(INSTRUCTIONS TO FOLLOW):
Only the stretch below from the line holding "Questi adorabili pantaloni" through the line holding "Vibrant TFT Display" should be restated, word for word and with both ends included; pictures stay out.

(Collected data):
#####
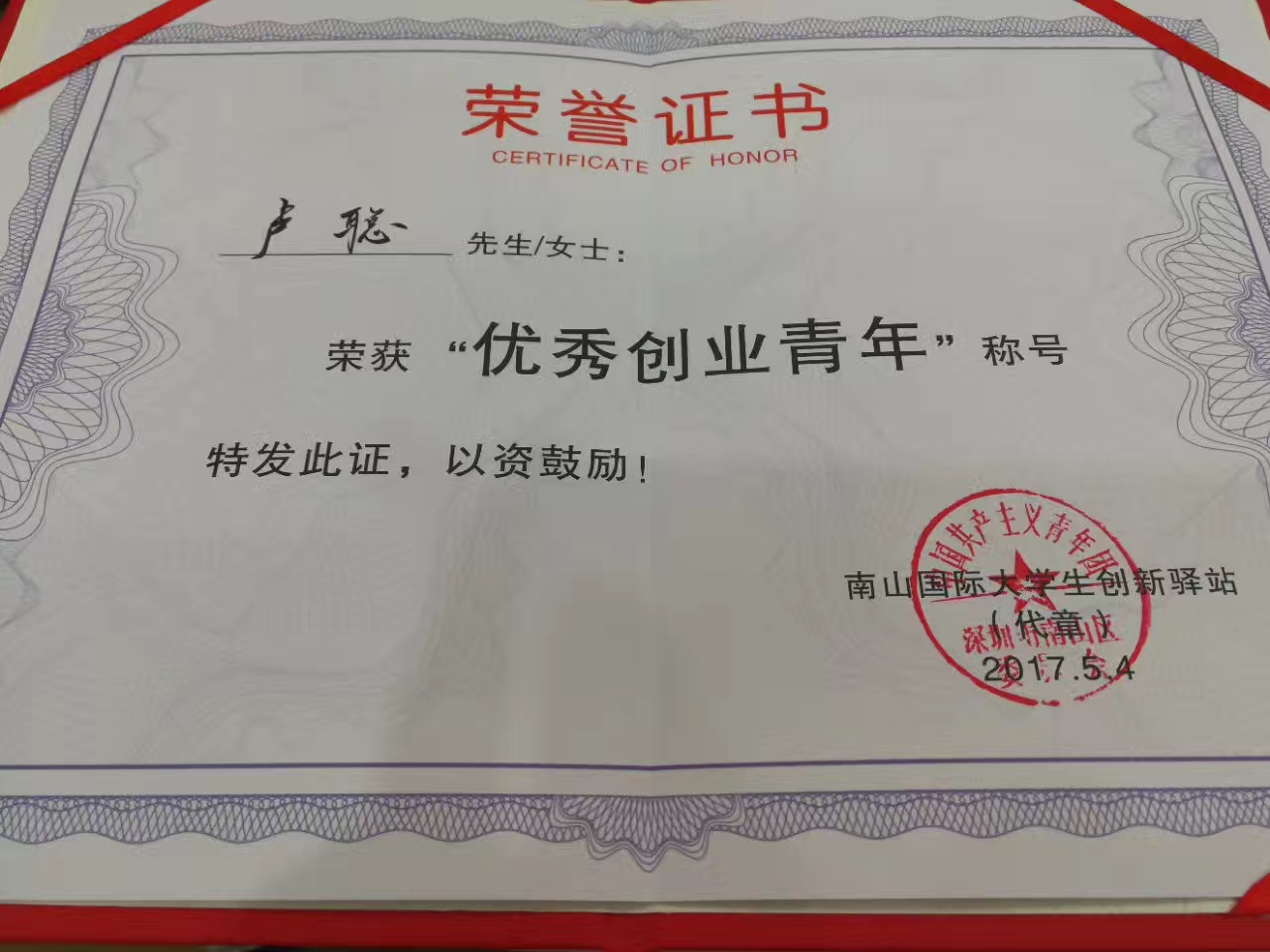 (2)5月4號,或南山區(qū)團委頒發(fā)的“優(yōu)秀創(chuàng)業(yè)青年”
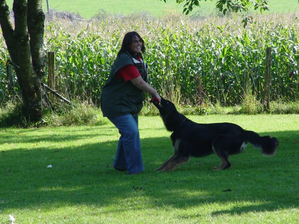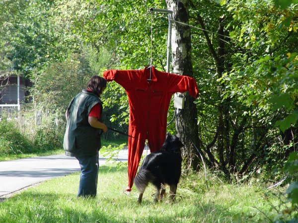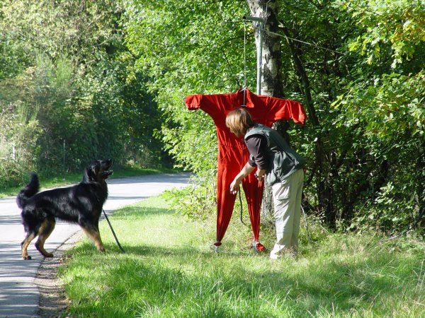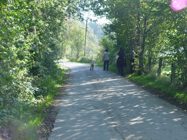 Fünf Hunde aus unserer Zucht sind am Start: Aaron aus dem A-Wurf stellt sich der Zuchttauglichkeitsprüfung, vier Geschwister aus dem B-Wurf der Jugendbeurteilung.Wie immer werden die Hunde ausgiebig hinsichtlich ihres Erscheinungsbildes beurteilt und entlang eines Spazierweges an sechs Stationen mit verschiedenen ungewohnten und reizintensiven Situationen konfrontiert, beispielsweise durch Schüsse oder einen Spaziergänger, der sich in verdächtiger Weise nähert.
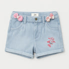 Questi adorabili pantaloni corti in denim non possono mancare nel guardaroba estivo della tua piccola! Caratterizzati da un fresco lavaggio chiaro, presentano un ricamo romantico che aggiunge un tocco di dolcezza. Le graziose arricciature sui lati sono un dettaglio chic che rende questi shorts davvero unici.
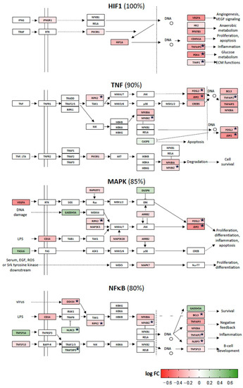 The other eight signaling pathways have 75% or more of their vitamin D target genes downregulated. These are the signal transduction cascades named for the proteins HIF1, TNF, MAPKs and NFκB (Figure 5), as well as those named for VEGF (vascular endothelial growth factor), TGFβ (tumor growth factor β), RAS (rat sarcoma virus) and TOR (target of rapamycin) (Figure S2).
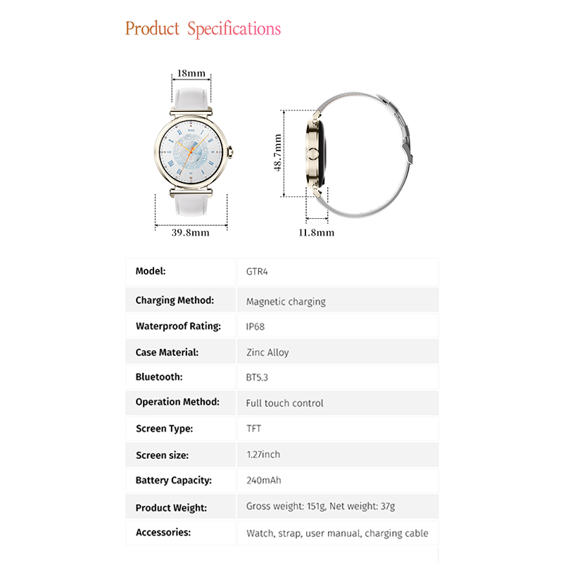 Vibrant TFT Display & Premium Design – The GTR4 features a 1.27-inch TFT full-touch display with 360×360 resolution, delivering crisp visuals for notifications, workouts, and health tracking.
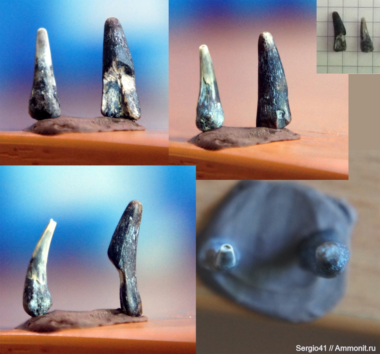 Слева наверняка акула: (эмаль выдает). А вот спарава: и форма - у рыбы больше лингванльно-лабиально симетрична при виде сверху. Плюс струйчатость по всей окружности не свойственна акулам. Заодно внутренний конус со стороны корня (см. скол) не свойственный акулам, (можно добавить фото базально ,но его и так видно из за скола...) стандартный для рептилий. Да еще и режущая кромка видна. Все как обсуждалось на моих фото кроков из танета (камышинская свита). | ||||||
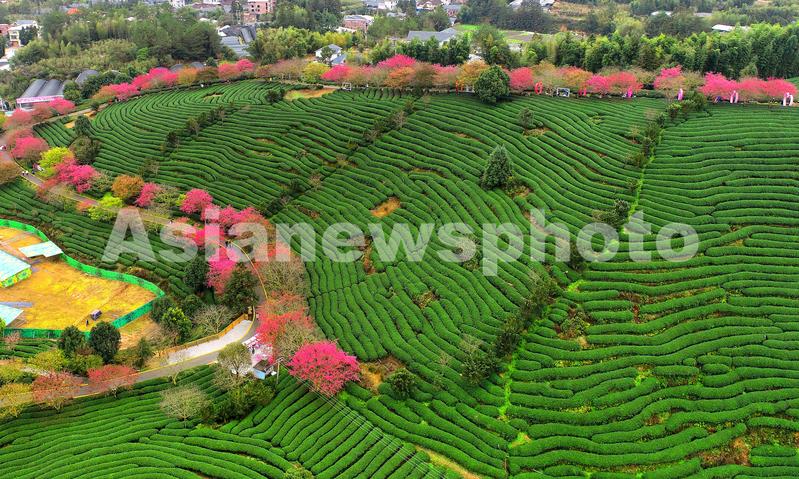 春节期间,漳平市永福镇台湾农民创业园台品茶园樱花,数十万株、四十多个品种的樱花竞相绽放,红色樱花与绿色茶园交相辉映,景色美不胜收,吸引了众多游客前来赏花观景。
#####
(THE COMPLETED TASK):
 Questi adorabili pantaloni corti in denim non possono mancare nel guardaroba estivo della tua piccola! Caratterizzati da un fresco lavaggio chiaro, presentano un ricamo romantico che aggiunge un tocco di dolcezza. Le graziose arricciature sui lati sono un dettaglio chic che rende questi shorts davvero unici.
 The other eight signaling pathways have 75% or more of their vitamin D target genes downregulated. These are the signal transduction cascades named for the proteins HIF1, TNF, MAPKs and NFκB (Figure 5), as well as those named for VEGF (vascular endothelial growth factor), TGFβ (tumor growth factor β), RAS (rat sarcoma virus) and TOR (target of rapamycin) (Figure S2).
 Vibrant TFT Display & Premium Design – The GTR4 features a 1.27-inch TFT full-touch display with 360×360 resolution, delivering crisp visuals for notifications, workouts, and health tracking.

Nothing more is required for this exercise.